Protein‐kinase‐C inhibitor calphostin C reduces B16 amelanotic melanoma cell adhesion to endothelium and lung colonization

Abstract

We recently reported that the Ca²⁺‐and phospholipids‐dependent protein kinase, protein kinase C (PKC), was involved in rat Walker carcinosarcoma cell adhesion to large‐vessel endothelium. We extended our studies to explore the role of this kinase in the adhesion to small‐vessel endothelium and lung colonization of murine B16 amelanotic melanoma (B16a). Sub‐populations of B16a cells, which differ in lung‐colonization potentials, were isolated by centrifugal elutriation from solid tumors. In this study, we demonstrate that cells from a high metastatic sub‐population (HM340), when compared with cells from a low metastatic sub‐population (LM180), exhibit elevated levels of total cellular as well as membrane‐bound PKC. The increase in PKC in cells from the HM340 correlates positively to their increased ability to adhere to murine pulmonary‐microvessel endothelial‐cell monolayer, and to form pulmonary colonies in syngeneic mice.
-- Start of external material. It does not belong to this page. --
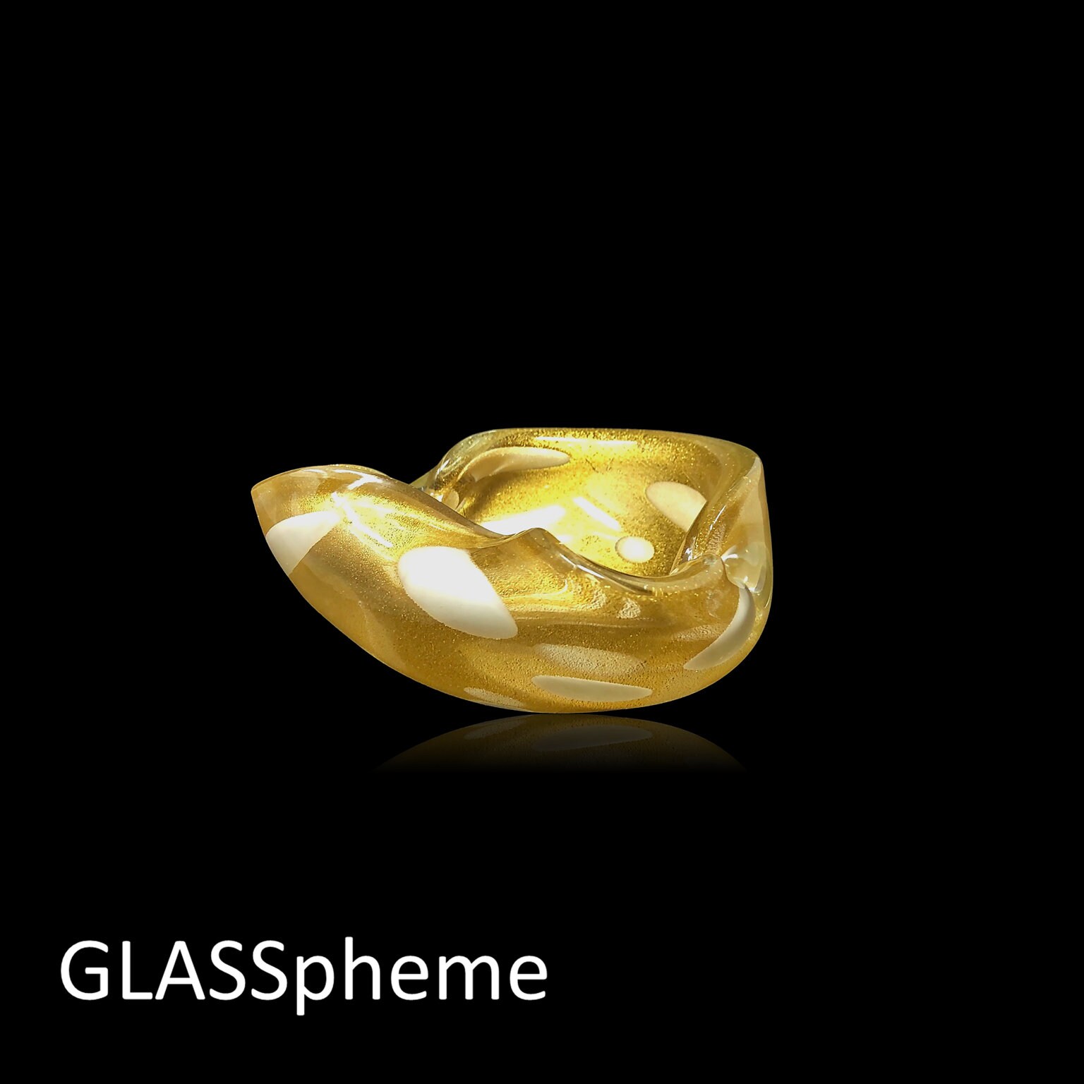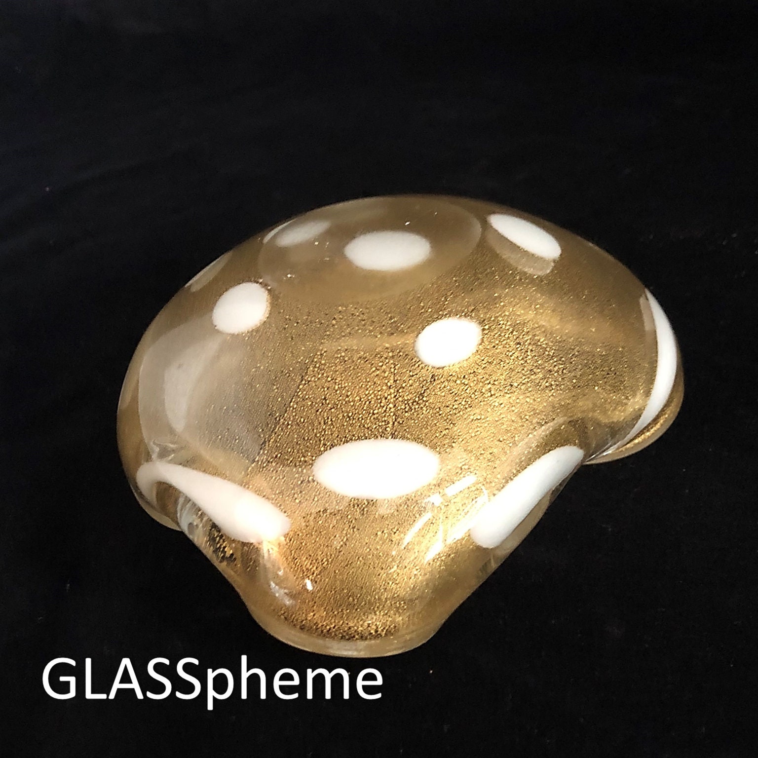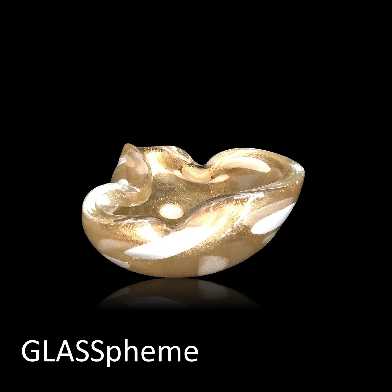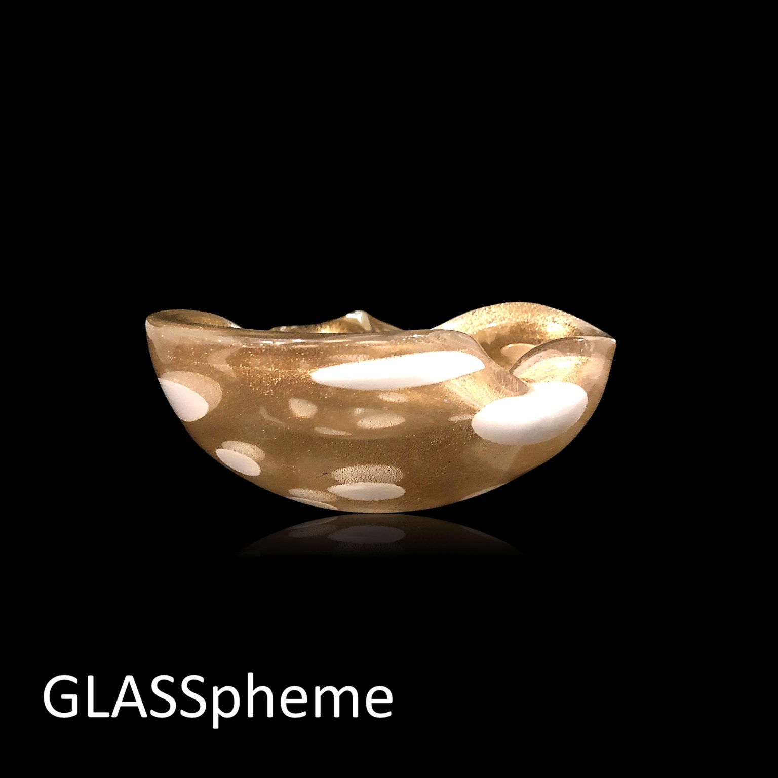 You're looking at an exquisitely formed mid-century Murano glass bowl | ashtray | trinket dish most likely by Alfredo Barbini. Done in a thick crystal glass heavily strewn with gold flecks and then accentuated with awesome white polka dots (murrines), this is a killer cool bowl you just gotta have!

Calphostin C, a potent and selective PKC inhibitor, decreases in a dose‐dependent manner the adhesion to endothelium and the lung colonization of cells from both the low and the high metastatic sub‐populations with IC₅₀ at sub‐micromolar concentrations. In conclusion, our results suggest that PKC may be a key element in regulating tumor‐cell metastasis and that PKC inhibitors may be anti‐metastatic agents.